Book ~ "Crying for the Moon: A Novel" (2017) Mary Walsh

From Goodreads ~ Raised on tough love in St. John’s, Maureen is the second-youngest daughter of a bitter and angry mother and a beaten-down father who tells the best stories (but only when he’s drunk). If life at home is difficult, then school is torture, with the nuns watching every move she makes. But Maureen wants a bigger life. She wants to go to sexy, exciting Montreal and be part of Expo 67, even if it means faking her way into the school choir.

Finally achieving her goal of reaching Montreal, Maureen escapes the vigilant eye of Sister Imobilis and sneaks away, and over the course of a few hours, one humiliating encounter with a young Leonard Cohen and a series of breathtakingly bad decisions change the course of her life forever.

It's July 1967 and Maureen is a teenager living in St.

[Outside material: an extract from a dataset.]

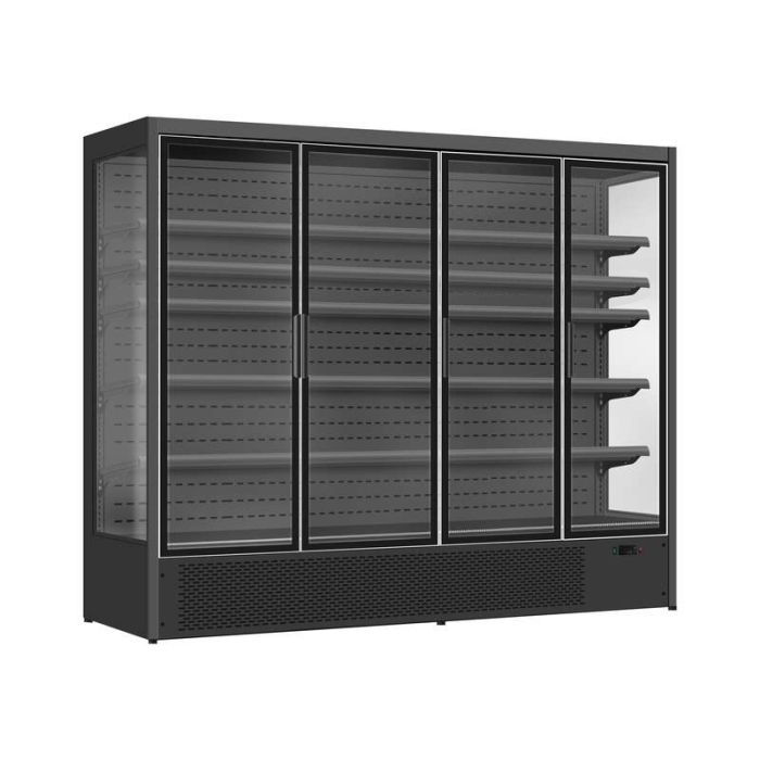 De Wandkoeling Luke 2.5 is een krachtige en stijlvolle koeloplossing voor het professioneel presenteren van gekoelde producten met maximale capaciteit. Dit vrijstaande model in zwarte uitvoering is perfect voor supermarkten, groothandels en drukke selfserviceomgevingen waar veel volume gekoeld en overzichtelijk gepresenteerd moet worden. Dankzij de geventileerde koeling, automatische ontdooiing en LED-verlichting blijven producten altijd optimaal gekoeld en aantrekkelijk zichtbaar. De zelfsluitende deur met dubbelglas zorgt voor efficiënt energiegebruik en gebruiksgemak. Afmetingen: 2508x720x2030 mm (BxDxH) – verbruik 1,2 kW – inhoud 2000 liter – temperatuur +2/+10°C – gewicht 380 kg.

John's, Newfoundland.  Expo '67 was held in Montreal and in the July of that year, Maureen manages to weasel her way onto the local choir because they were heading to Montreal to perform.  In Montreal, she and her friend, Carleen, are able to escape the nuns and party.  Carleen decides to stay in Montreal with a sleazebag she'd just met and Maureen heads back to Newfoundland.  Once home, she discovers she is pregnant, a situation her dominating mother (aka Sarge) takes care of.

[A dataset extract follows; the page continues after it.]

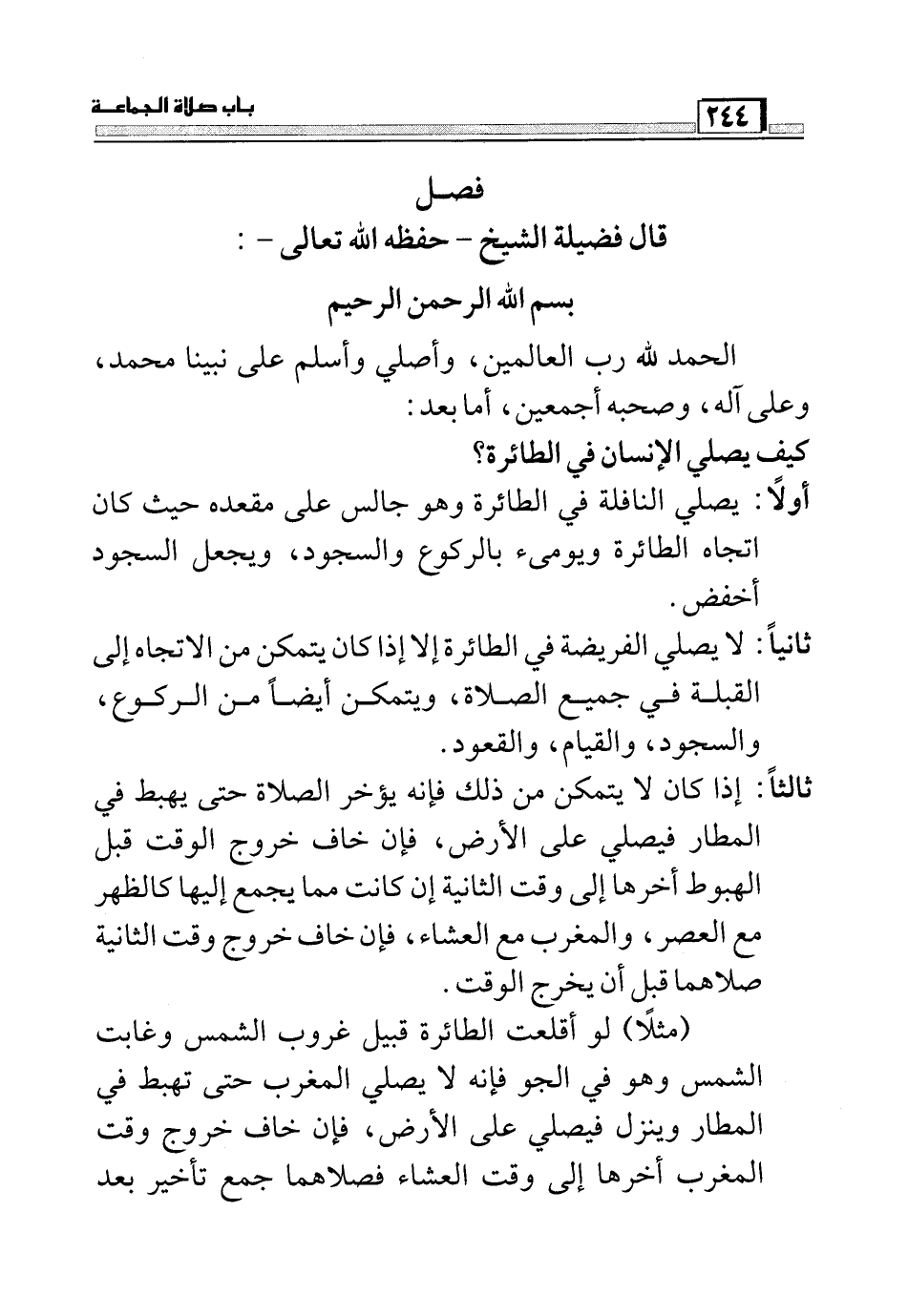ثانياً: لا يصلي الفريضة في الطائرة إلا إذا كان يتمكن من الاتجاه إلى القبلة في جميع الصلاة, ويتمكن أيضاً من الركوع, والسجود, والقيام, والقعود.

Shortly thereafter Maureen is living with Bo.  Bo is abusive and is always viciously beating her up, whether they are sober or drunk.  He is eventually found dead and the police, knowing Bo and Maureen's history, look at her as the suspect.

I had high hopes when I started this book but it just kept getting more and more dreary and boring as it went on.  The writing could have been tighter so therefore the story shorter.  I felt there was a lot of information, details and rambling that wasn't needed.  I gave up when I got about three-quarters of the way in and skimmed to the end.  As a head's up, there is swearing, adult activity and violence.  I'm originally from Nova Scotia so it was fun to read the lingo that I haven't heard in years.

I didn't find any of the characters likable.  I couldn't find any sympathy for Maureen and the predicaments she had gotten herself into.  Growing up, her home life wasn't the best but she didn't do anything to better herself and rise above it when she got to be an adult.  She continued to wallow in it and let her upbringing beat her down.  I found it ridiculous that Maureen, who wasn't overly bright or motivated, would put herself in danger trying to find out who was responsible for Bo's death.  Her parents were awful and it was sad and unnecessary that a "retarded" older sister who her mother abused was part of the story.